A development of the bridge strategy is to separate the processor cores with switches instead of bridges. This arrangement would move architecture towards Network on Chip (NoC) designs. NoC interconnections designs have higher complexity than a bus architecture but they are scalable to bigger designs.

This study used a homogeneous multicore system with four LEON3 processors and a shared main memory. The system was configured to solve Asynchronous problems with data Parallelism. The list below summarizes this study's multiprocessor system:

- Homogeneous Multiprocessor System
- Single Bus Architecture
- Shared Memory
- Asynchronous Problems solves with Data Parallelism.

## Chapter 3

## An open source multiprocessor system

This study focuses on multiprocessor systems with bus architecture and shared main memory. Such a multiprocessor system is supplied by Aeroflex Gaisler AB in an open source library. This Intellectuel Property (IP) library contains reusable components such as the LEON3 processor and the Advanced Microcontroller Bus Architecture (AMBA). In the frame of the library from Aeroflex Gaisler AB, one can configure an open-source multiprocessor system. This study also introduces the operating system RTEMS by On-line Applications Research (OAR) Corporation. The LEON3 processor has also been ported to several other operating systems such as eCos, Snapgear Embedded Linux, ThreadX and LynxOS. However, this study is limited to the operating system RTEMS.

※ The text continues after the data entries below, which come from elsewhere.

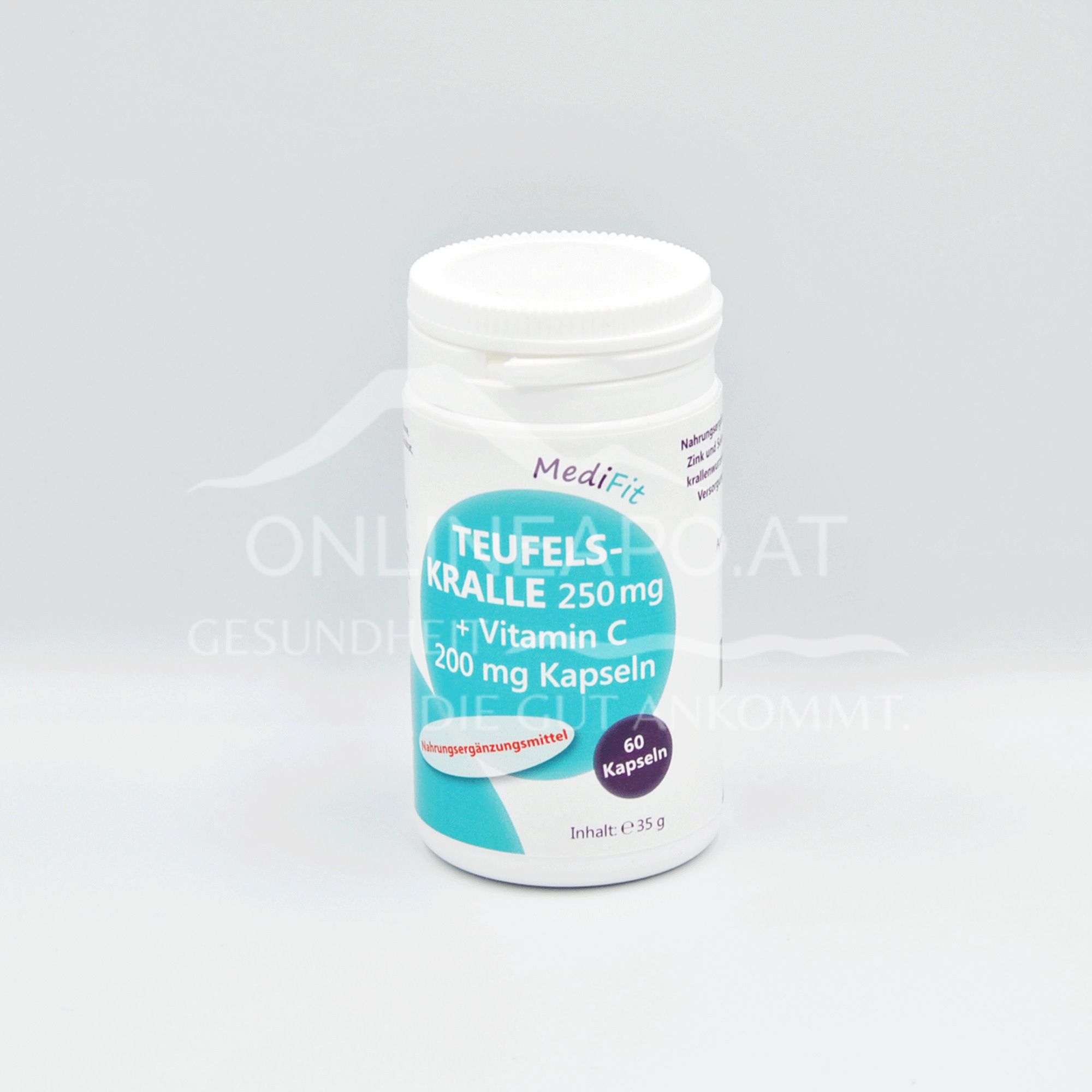 Die MediFit Teufelskralle 250 mg + Vitamin C 200 mg Kapseln sind ein Nahrungsergänzungsmittel mit Teufelskralle 250 mg und Vitamin C 200 mg pro Kapsel.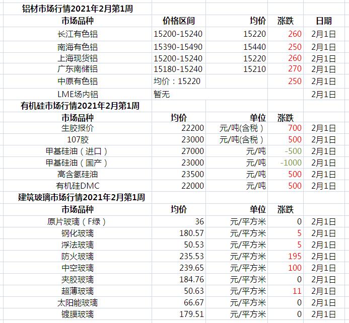 此原材料價格由中國幕墻網收集整理,僅供參考!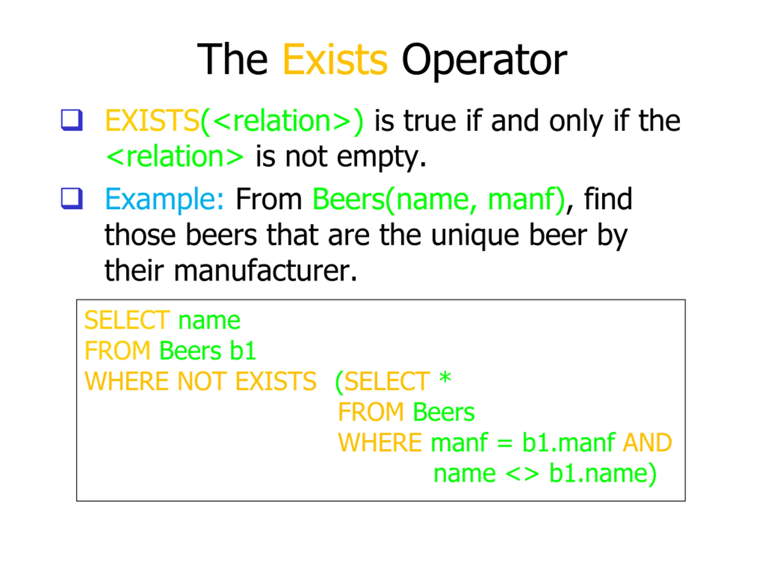 The Exists Operator EXISTS(<relation>) is true if and only if the <relation> is not empty. Example: From Beers(name, manf), find those beers that are the unique beer by their manufacturer. SELECT name FROM Beers b1 WHERE NOT EXISTS ((SELECT * FROM Beers WHERE manf = b1.manf AND name <> b1.name)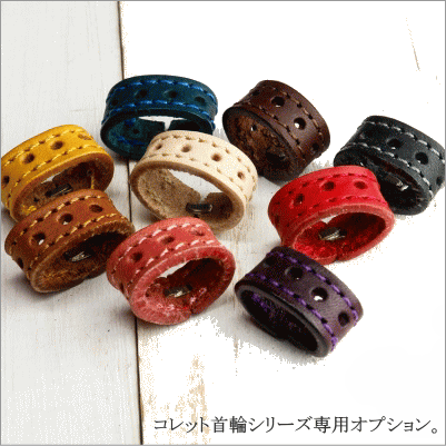 サル革装着見本画像小さくても大きな意味があるんです。 コレット首輪用オプション サル革 価格440円 サル革 商品説明 敢えて大きめサイズの首輪を選んで、剣先の余りを納めながら可愛さをプラス! オプションのサル革を1個追加するだけで、見た目の印象が少し変わりますね。 当店人気のお品です。 首輪のアクセントとして、剣先収納として、1個2役の優れものです チョイ大きめサイズを選んで、「穴あけ追加サービス」+「サル革」が首輪通の選択 カラーバリエーションは、全9色 デニムプレーン用は穴無しタイプになります サル革選びのポイント! ・キュン♪首輪=革色:ナチュラル+穴あり+糸色:ベージュがオススメ ・ナチュラルリメイク=革色:挿し色+穴あり+糸色:ベージと同色:挿し色がオススメ ・ヒッコリーデニム=革色:首輪と同色+穴なし+糸色:首輪と同色がオススメ ・Plane=革色:首輪と同色+穴なし+糸色:首輪と同色がオススメ ・イタリアンリネン=革色:チョコ+穴あり+糸色:専用パステル色がオススメ ・ビエラボーダー=革色:ブラウン+穴あり+糸色:レッドがオススメ ・カスタム及び「サル革達人」仕様は=自由な発想で革と糸をチョイス ★サル革をアクセントで付ける場合は、必ず『チョイ大きめサイズ』で首輪を選んで下さい。 【重要】オプションサル革につきましての注意事項 ・ダブルDカン仕様をご希望の場合、オプションのサル革は特に必要ありません。 ・オプションサル革は穴追加の場合にご検討くださいませ。 なお実際にご使用される穴位置によりましてオプションサル革が不要な場合がございます。 ・サイズ選定のお問い合わせの際穴追加・オプションサル革ご購入をお勧めする場合がございますが、 安全を見てのご提案です。最終的にはお客様のご判断でお願い致します。 ・オプションサル革は首輪本体に固定取り付けではありませんので扱い・紛失に十分ご注意くださいませ。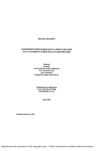 در قرن سیزدهم، روحانیون از یک شبه انحصار در ادبیات برخوردار بودند. آنها دیدگاه خود از جهان را در چرخه لنسلوت-گریل ثبت کردند، که آخرین کتاب آن، La mort le roi Artu، پیروزی ایدئولوژیک روحانیت بر طبقه نظامی را تشکیل می دهد. با مطالعه کتیبه ایدئولوژیک می توان چندین اثر از روحانیون در جریان این مبارزه ایدئولوژیک به رهبری آنها علیه جامعه جوانمردی را شناسایی کرد. مرگ شاه آرتو، به عنوان نقطه اوج این چرخه، نقش مهمی ایفا می کند، زیرا مسیحی شدن اسطوره آرتوری و همچنین تقدیس شخصیت ها به لطف انکار قرن را نشان می دهد. کار ما پس از تبیین نظریه سه راسته، چندین جنبه (متون تاریخی، راوی، روایت، شخصیتها، ساختار) مورت آرتو را تحلیل میکند و در عین حال سعی در برجسته کردن ایدئولوژی روحانی دارد. در نهایت، این مسئله نشان می دهد که چگونه این آخرین ویزای ارائه تابع دوم، کلاس نظامی، به تابع اول، طبقه مذهبی است.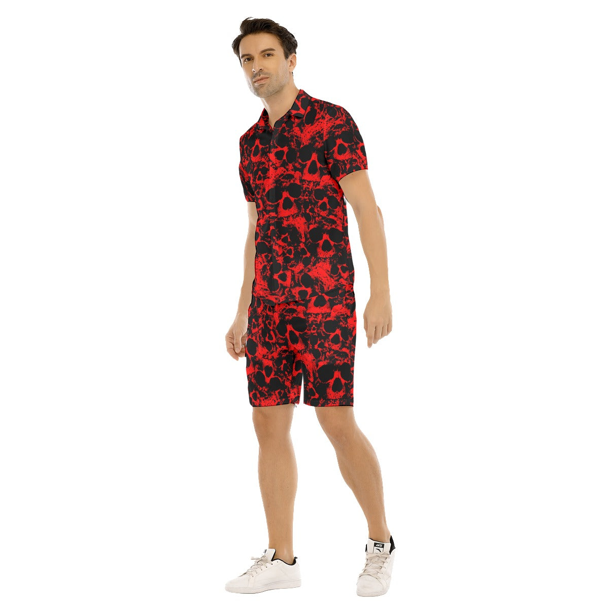 Men's Red Skull Gang Short Sleeve Shirt Sets

#### 3.1 The LEON3 processor

The LEON processor was developed by Jiri Gaisler as a project in the European Space Agency (ESA). Later, the company Gaisler Research was founded and continued to develop the LEON processor. In 2002, they released the LEON2 processor and in 2004, the LEON3 processor. There is also a fault tolerant version available of the LEON processor, LEON-FT. The LEON3 is a soft processor which means that the design is described in Hardware Description Language (HDL), for example VHSIC Hardware Description Language (VHDL) or Verilog. A design in HDL can easily be changed before it is synthesized to a netlist. The netlist in its turn can be transferred either to an Application Specific Integrated Circuit (ASIC) design, or implemented on a flexible Field Programmable Gate Array (FPGA) circuit. The LEON3 processor is a design that has been implemented both as ASICs and in various FPGAs.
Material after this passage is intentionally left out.